Morocco’s central bank, Bank Al Maghrib (BAM), is poised to proceed to the next stage of the flexible exchange system, Finance and Economy Minister Nadia Fettah Alaoui told SkyNewsArabia on Monday.
She stated that Morocco was able to establish a 5% flexible exchange rate despite recent global economic swings.
The Moroccan minister went on to say that the country is currently focused on maintaining macroeconomic balances as it recovers from successive shocks before moving to the next level of flexible exchange rate.
She also acknowledged that BAM projects that the economy has reached a level which would allow for the next stage of fiscal reform.
Morocco began its voluntary and gradual move from a fixed to a more flexible currency rate regime in January, 2018. After the decision, the dirham fluctuation band increased from ±0.3% to ±2.5%, eventually reaching 5% in 2020.
Morocco recorded economic growth of 3.2 percent in 2023 compared to 1.2 percent in 2022, despite challenges in the agricultural sector, and is expected to reach 3.4 percent economic growth for this year, the minister added.
She also indicated that the economic growth would otherwise have been expected to reach 3.7%, were it not for climate variability and water scarcity issues.

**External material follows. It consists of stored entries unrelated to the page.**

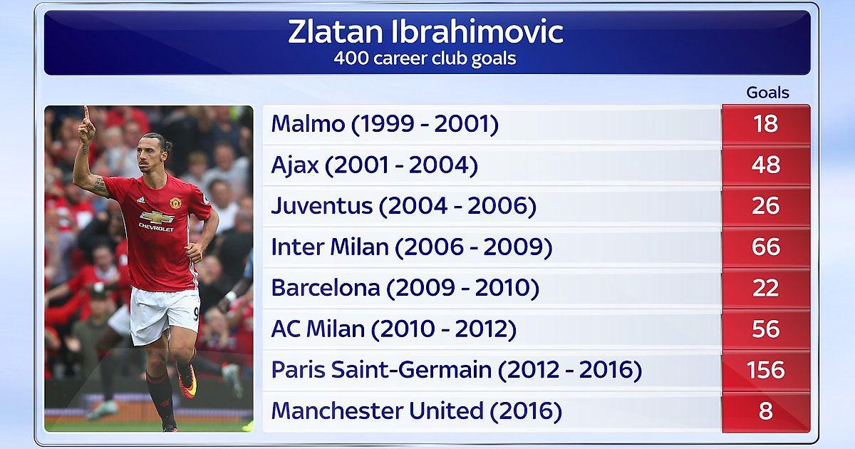 На 21-й минуте матча Златан забил 25.000-й гол в истории АПЛ, а на 33-й - оформил 400-й гол в карьере
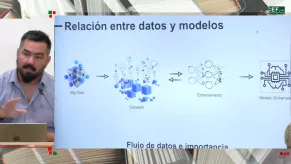 Un sistema de inteligencia artificial es aquel que viene a sustituir en algún grado a la inteligencia humana. Para ello se nutre de datos, y emplea diferentes recetas para dar ese resultado: eso es un modelo. El modelo se entrena para que sepa en qué contexto está y pueda hacer pequeños cambios, es decir, que aprenda y se adapte. Eso es la IA: un algoritmo programado para una tarea junto a otros para "dar un resultado a partir de lo que tiene, pero contextualizándolo", detalló Núñez.
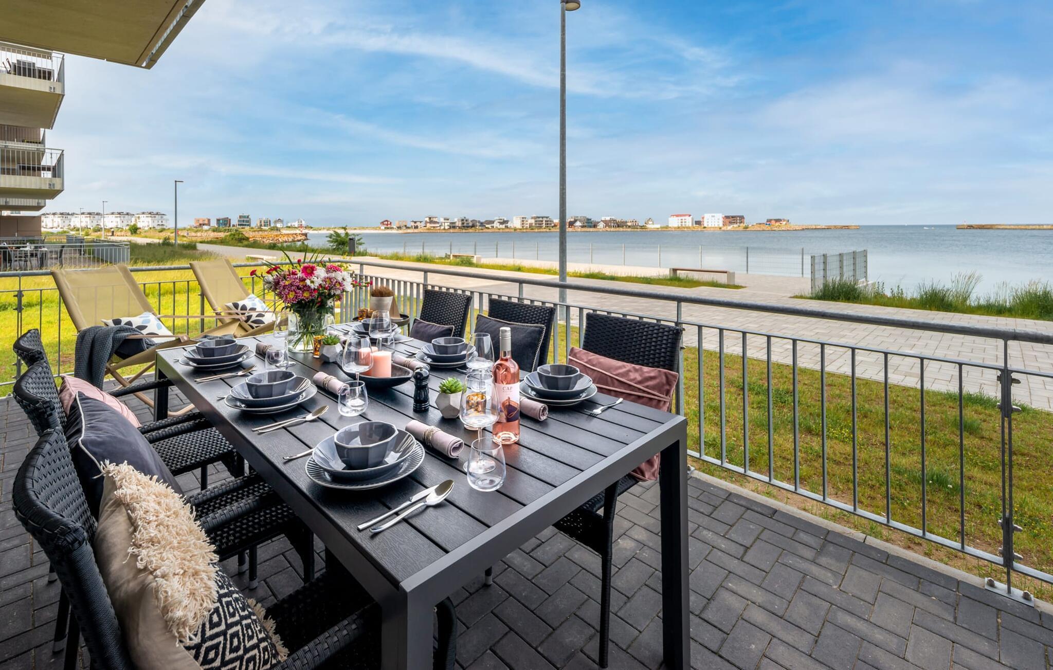 Modern, hochwertig und mit viel Liebe zum Detail eingerichtet empfängt euch der offene und großzügige Wohn- und Essbereich. Egal wie ihr euch dreht und wendet, dem Ausblick auf die Ostsee, die Schlei und die Marina vom Ostseeresort Olpenitz könnt ihr nicht entkommen. Eine unendliche Weite in Blautönen erstreckt sich vor euch und ist fast unglaublich. Und wenn ihr auf den angrenzenden Balkon hinaus tretet, wird euch die Urgewalt der Ostsee bewusst. Das Rauschen des Meeres klingt wie Musik in euren Ohren, in diesem Ambiente zu dinieren hat schon fast etwas Filmreifes!
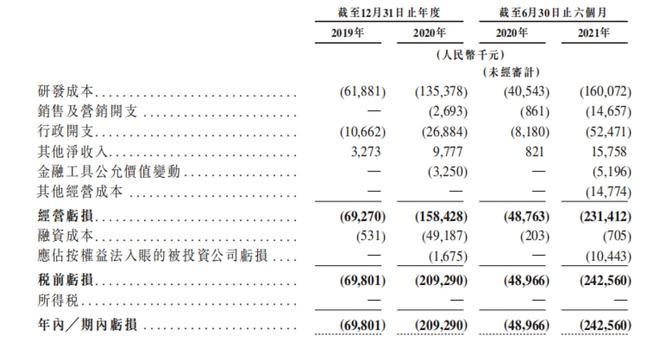 没有营收,微创医疗机器人的财务报表自然不好看。最新财报显示,公司2019年、2020年的亏损为6,980.1万元、2.09亿元。2021年上半年亏损约2.42亿元,较2020年上半年的4,896.6万元扩大3.95倍。也就是说,两年半加起来亏损超5亿元。
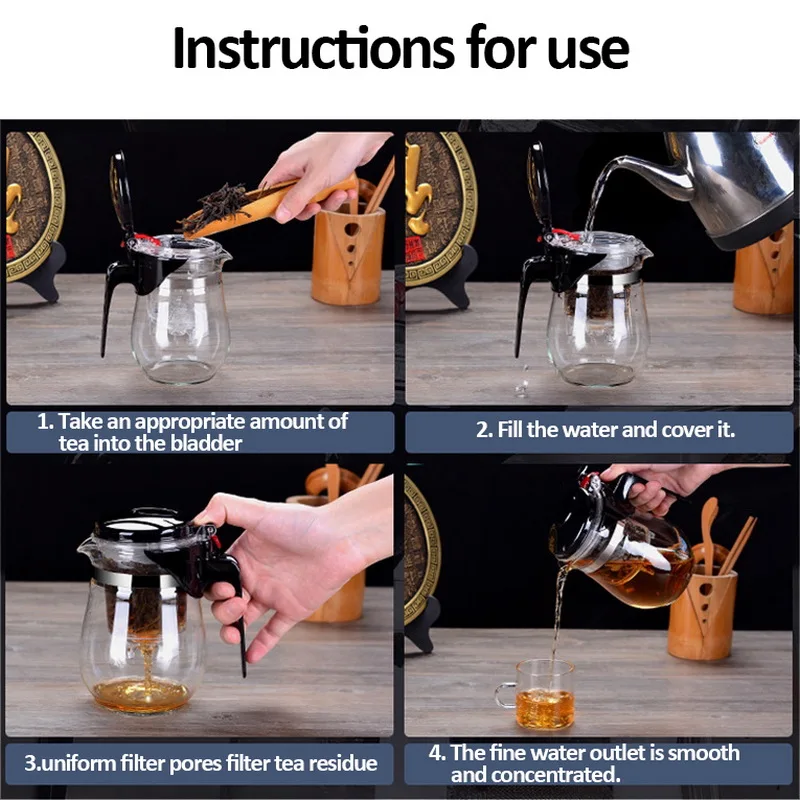 <Легко чистить> заварка может быть удалена, удобно чистить листья чая. Благодаря чему вы можете мыть с водой.
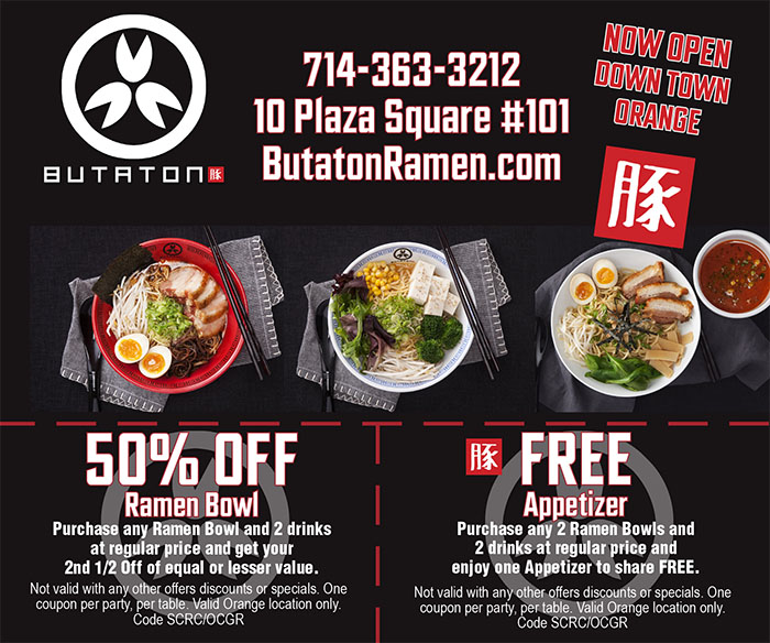Butaton Ramen 10 Plaza Square #101, Orange Call for Reservations/Ordering (714) 363-3212 Go to our Website Just show your coupon to your server and $AVE!

Morocco has allocated $1 billion to assist farmers in agriculture and livestock farming, and this operation has also contributed to keeping prices fairly stable in the markets, Fettah elaborated.
The Minister also stated that the industry sector brings in at least $3 billion in investment and that the Kingdom aspires to triple this figure by 2030.
Fettah added that Morocco has made great strides in this field, as it has trained engineers and technicians in several industrial fields, and possesses a clear strategy in renewable energies and decarbonization.
The number of tourists last year exceeded 14 million, an increase of 12 per cent compared to 2019, the year before Covid-19. The goal is to reach 17 million tourists by 2026, she added.
Morocco’s bid to host the 2030 World Cup alongside Spain and Portugal–along with the 2025 Africa Cup–will undoubtedly encourage foreign investment in this sector.
The Moroccan government supports directly the industry with six billion dirhams, while concurrently encouraging the private sector to invest in the industry, as well.